## Problem details
Output must consist only of the lines of the material below from the one with "Le conditionneur sans" through the one with "Après cette première", each reproduced exactly; no pictures belong in it.

## Material shown
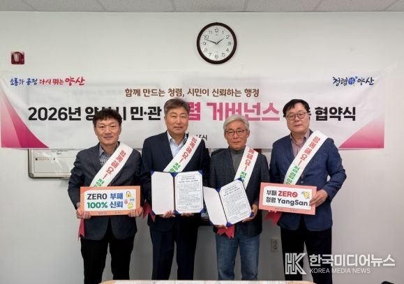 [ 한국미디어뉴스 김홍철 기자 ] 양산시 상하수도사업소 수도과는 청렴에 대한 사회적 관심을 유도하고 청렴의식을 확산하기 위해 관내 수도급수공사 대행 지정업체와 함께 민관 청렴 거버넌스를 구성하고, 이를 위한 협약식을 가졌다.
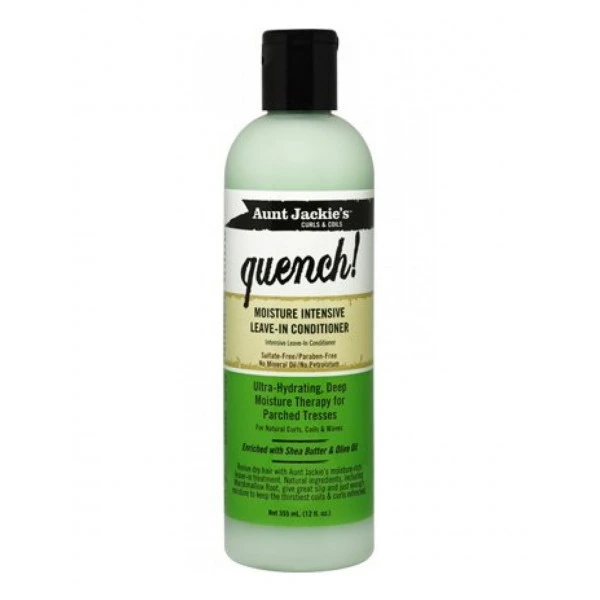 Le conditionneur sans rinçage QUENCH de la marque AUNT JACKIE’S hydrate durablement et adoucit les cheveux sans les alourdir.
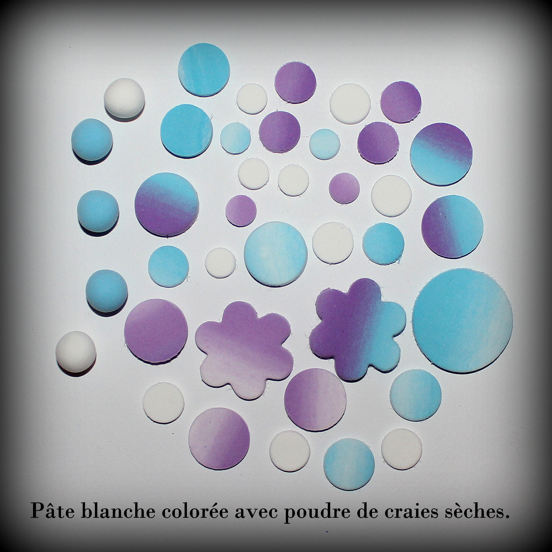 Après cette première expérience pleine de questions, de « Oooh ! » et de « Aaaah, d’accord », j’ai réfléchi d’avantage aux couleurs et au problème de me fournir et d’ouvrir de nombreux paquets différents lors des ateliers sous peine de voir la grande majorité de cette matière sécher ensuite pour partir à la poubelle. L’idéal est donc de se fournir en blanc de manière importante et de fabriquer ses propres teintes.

--

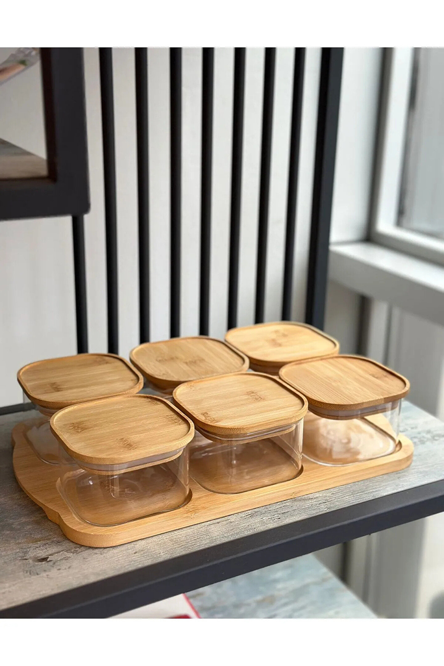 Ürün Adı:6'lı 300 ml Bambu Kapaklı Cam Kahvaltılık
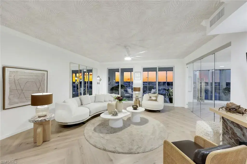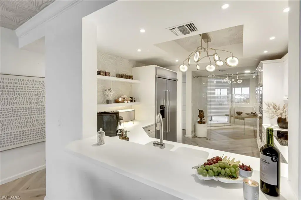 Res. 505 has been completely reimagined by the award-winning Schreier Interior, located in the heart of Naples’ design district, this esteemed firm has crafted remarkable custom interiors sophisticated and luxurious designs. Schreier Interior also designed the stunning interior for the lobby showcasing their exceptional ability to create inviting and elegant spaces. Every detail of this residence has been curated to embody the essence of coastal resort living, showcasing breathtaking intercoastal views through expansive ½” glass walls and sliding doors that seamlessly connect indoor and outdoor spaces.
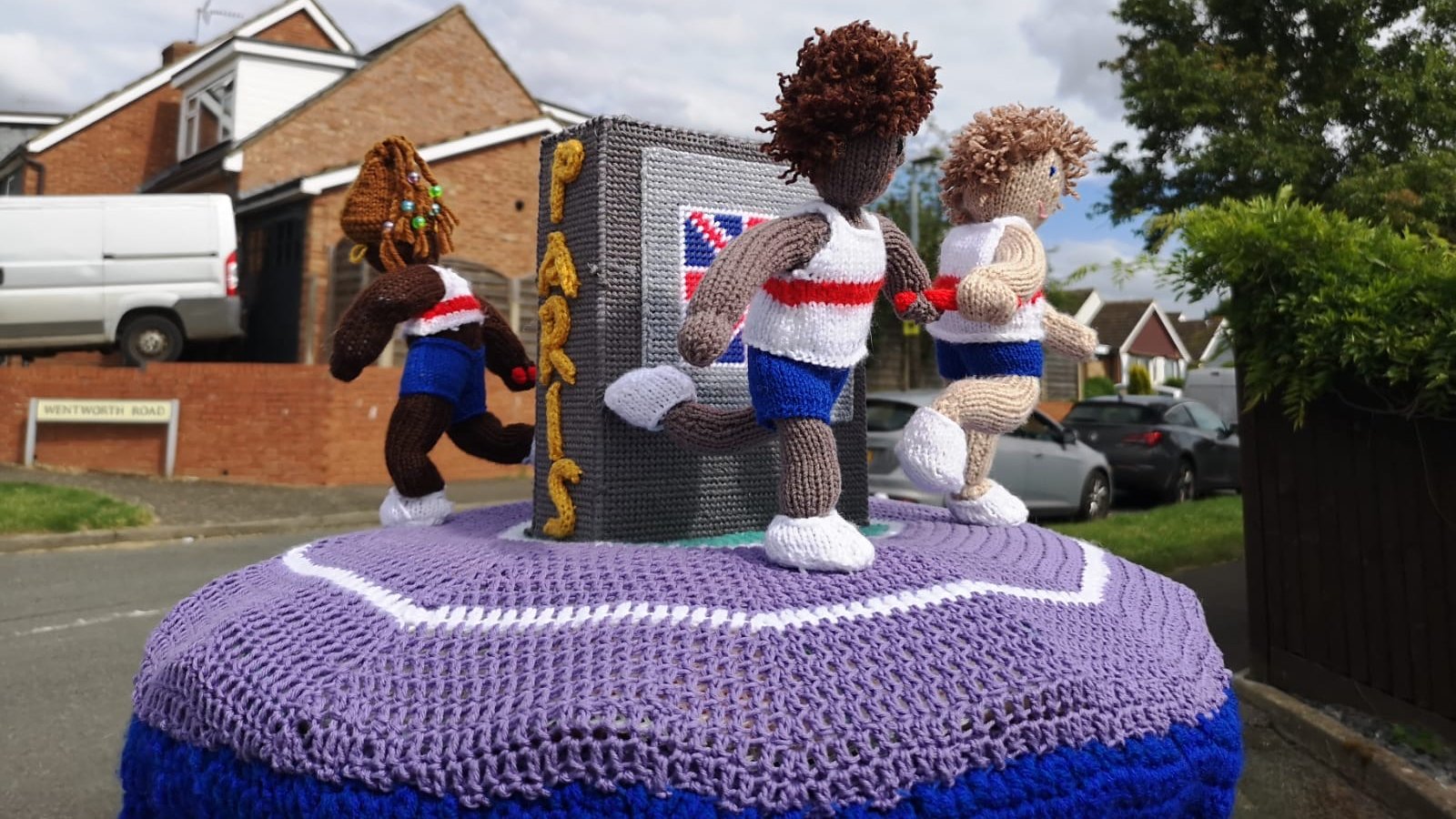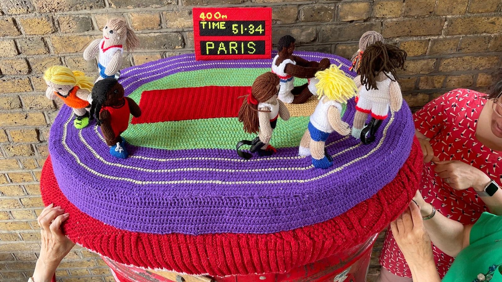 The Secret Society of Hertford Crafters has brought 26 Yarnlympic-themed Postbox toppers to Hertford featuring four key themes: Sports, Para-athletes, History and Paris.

## Your response
 Le conditionneur sans rinçage QUENCH de la marque AUNT JACKIE’S hydrate durablement et adoucit les cheveux sans les alourdir.
 Après cette première expérience pleine de questions, de « Oooh ! » et de « Aaaah, d’accord », j’ai réfléchi d’avantage aux couleurs et au problème de me fournir et d’ouvrir de nombreux paquets différents lors des ateliers sous peine de voir la grande majorité de cette matière sécher ensuite pour partir à la poubelle. L’idéal est donc de se fournir en blanc de manière importante et de fabriquer ses propres teintes.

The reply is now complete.